It can be seen from FIGS. 8 and 9 that under the same wavelet basis, the lifting algorithm and the traditional algorithm do not significantly enhance or weaken the denoising effect of the signal, and usually have a very small difference in the denoising effect. This shows that the denoising performance of wavelet denoising using the lifting algorithm is not worse or significantly better than that of the traditional Mallat algorithm.

3. Comparison of Denoising Performance of Different Thresholding Functions

A Matlab platform simulation test was designed as follows: a segment of noisy Bumps signal with a length of 1024 was selected; a soft thresholding method, a hard thresholding method, a flattening method and the new thresholding function method proposed by the present disclosure were used for denoising, and their results were compared. In order to eliminate the influence of other factors on the denoising performance, all experimental wavelet bases were sym5 wavelets to improve the decomposition of the schemes; the number of decomposition layers was 3; the thresholds were estimated layer by layer. The experiment was conducted on noisy signals with SNR=11.1257 db and SNR=17.1421 db, respectively. The denoising effects and evaluation indexes of the four denoising methods are shown in Table 3.

TABLE 3
Comparison of denoising performance
of different thresholding functions
	SNR/db	RMSE		SNR/db	RMSE
Noisy signal	11.1257	0.9740	Noisy signal	17.1421	0.9745
Hard threshold-	17.3231	0.4772	Hard threshold-	20.7279	0.6449
ing method			ing method
Soft threshold-	17.9591	0.4435	Soft threshold-	21.6709	0.5785
ing method			ing method
Flattening	18.6803	0.4082	Flattening	23.2430	0.4827
method			method
Method of the	18.7938	0.4029	Method of the	23.4126	0.4689
present			present
disclosure			disclosure

In FIG. 10, FIG. 10(a) shows an original signal waveform; FIG. 10(b) shows a noisy signal waveform; FIG. 10(c) shows a denoising result of the hard thresholding method; FIG. 10(d) shows a denoising result of the soft thresholding method; FIG. 10(e) shows a denoising result of the flattening method; 10(f) shows a denoising result of the new thresholding function method.
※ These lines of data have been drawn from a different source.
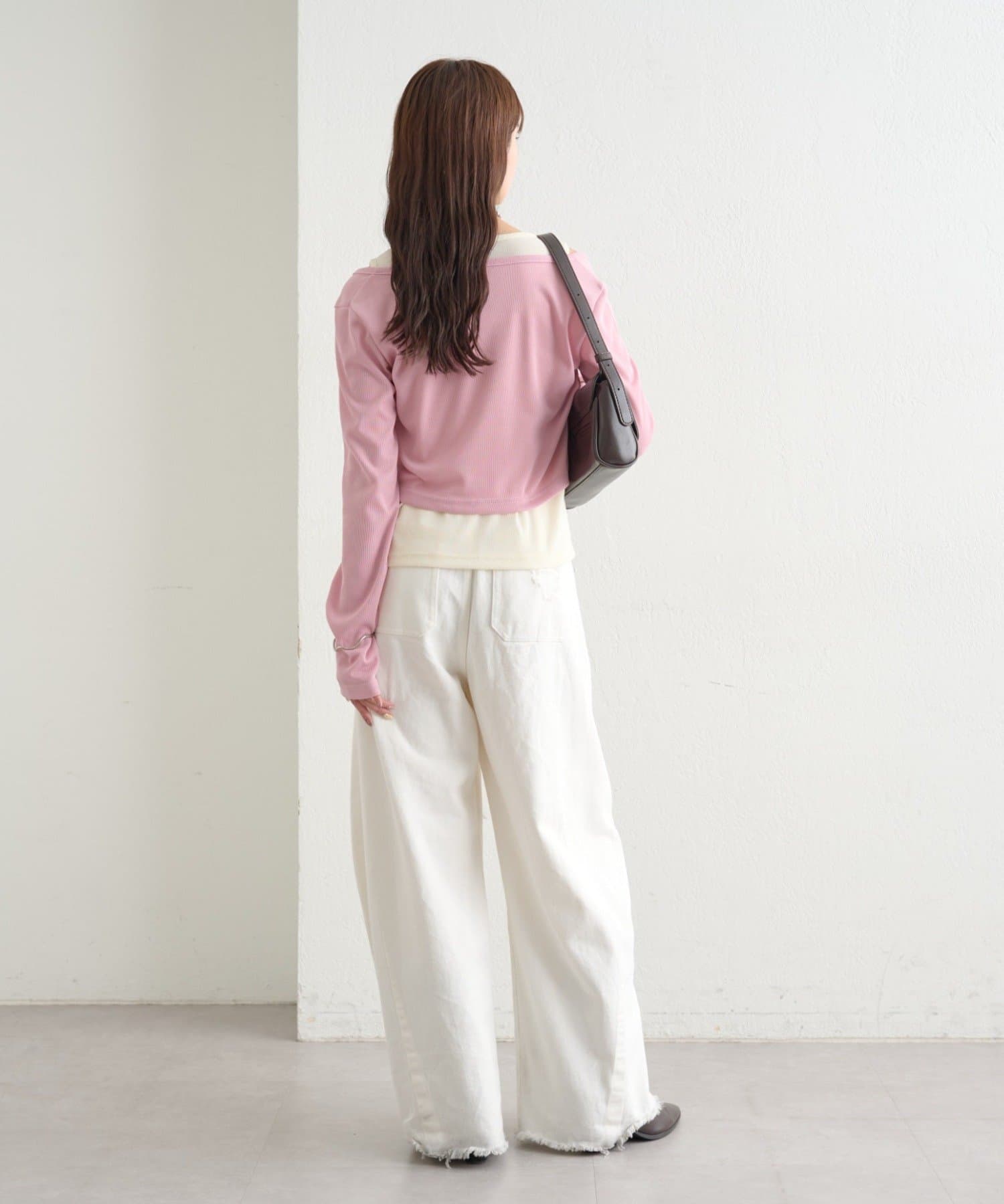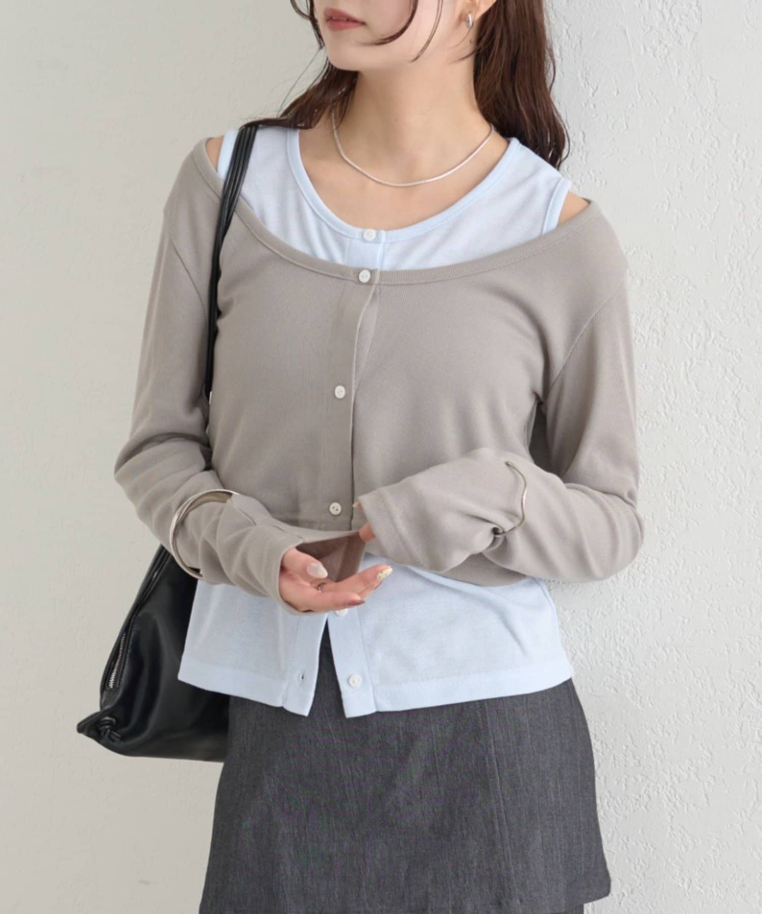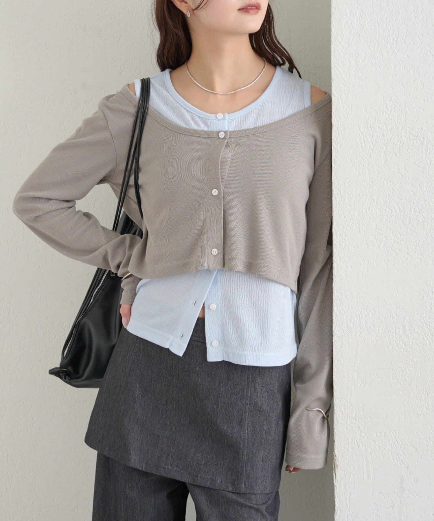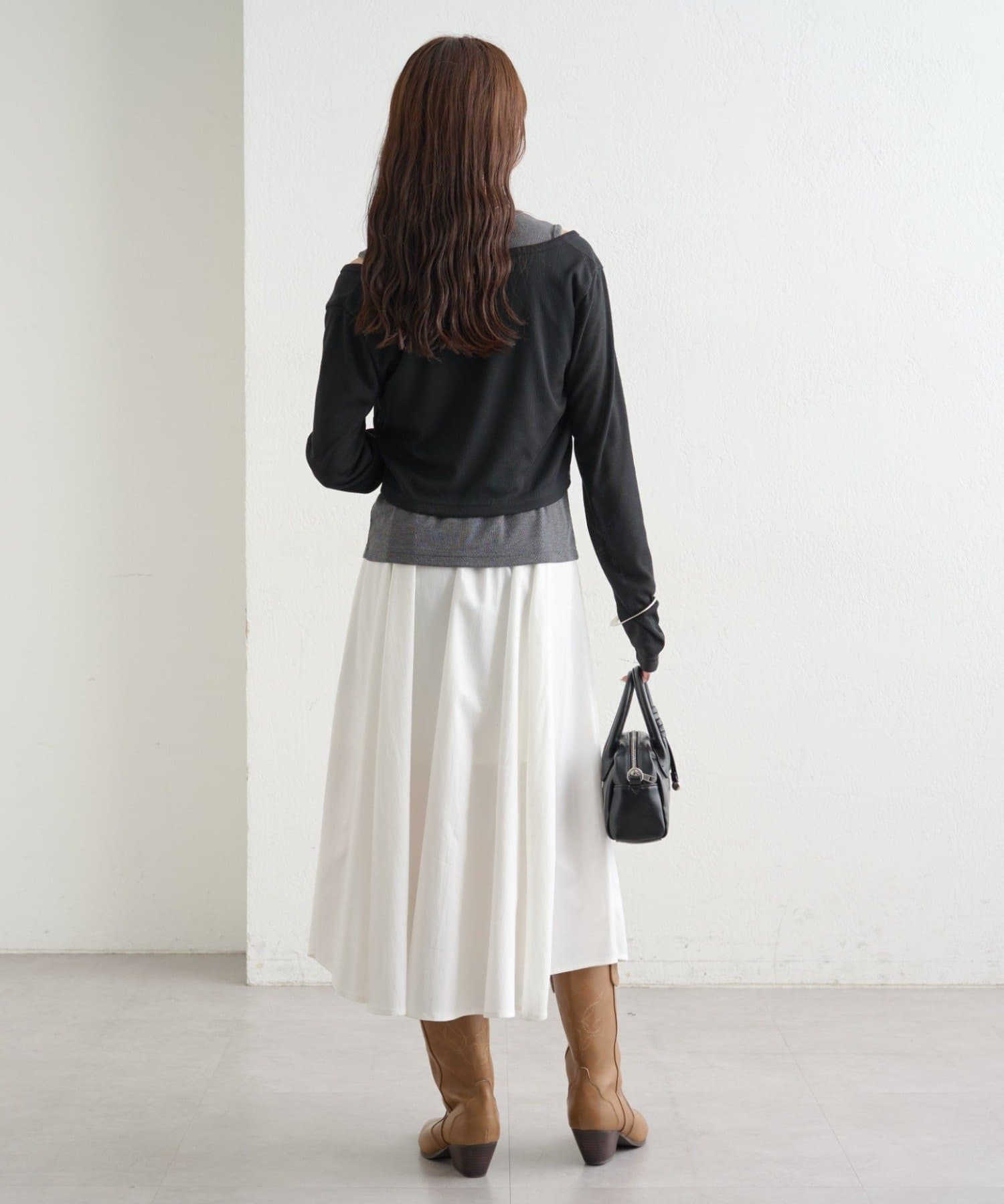 ・シンプルなボトム合わせでも、レイヤードデザインがスタイリングの主役になります。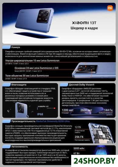 Описание и характеристики Xiaomi 13T 12GB/256GB международная версия (черный)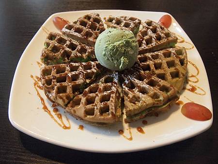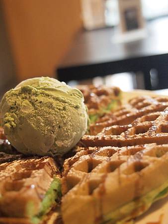 我點的是焦糖醬班蘭窩夫配綠茶雪糕。

In FIG. 11, FIG. 11(a) shows an original signal waveform; FIG. 11(b) shows a noisy signal waveform; FIG. 11(c) shows a denoising result of the hard thresholding method; FIG. 11(d) shows a soft thresholding method; FIG. 11(e) shows a denoising result of the flattening method; FIG. 11(f) shows a denoising result of the new thresholding function method. It can be seen from FIG. 10 and FIG. 11 that compared with other methods, in the hard thresholding method, the signal has some roughness after being processed. The curve of the soft thresholding method is smooth, but compared with the original pure signal, some useful details are eliminated. Table 3 shows that the signal-to-noise ratios (SNRs) after denoising by the soft and hard thresholding methods are low, while the root-mean-square errors (RMSE) are high, which proves that the soft and hard thresholding methods are defective. The processing results of the flattening method reproduce the original pure signal better, with a higher SNR and a lower RMSE, indicating that the flattening method is superior to the soft and hard thresholding methods. The new thresholding function denoising method proposed by the present disclosure achieves the highest SNR and the lowest RMSE, indicating that the denoised signal processed by this method more completely restores the real signal, and the denoising performance of the method is the best. The above results prove the feasibility and superiority of the new thresholding function method proposed by the present disclosure.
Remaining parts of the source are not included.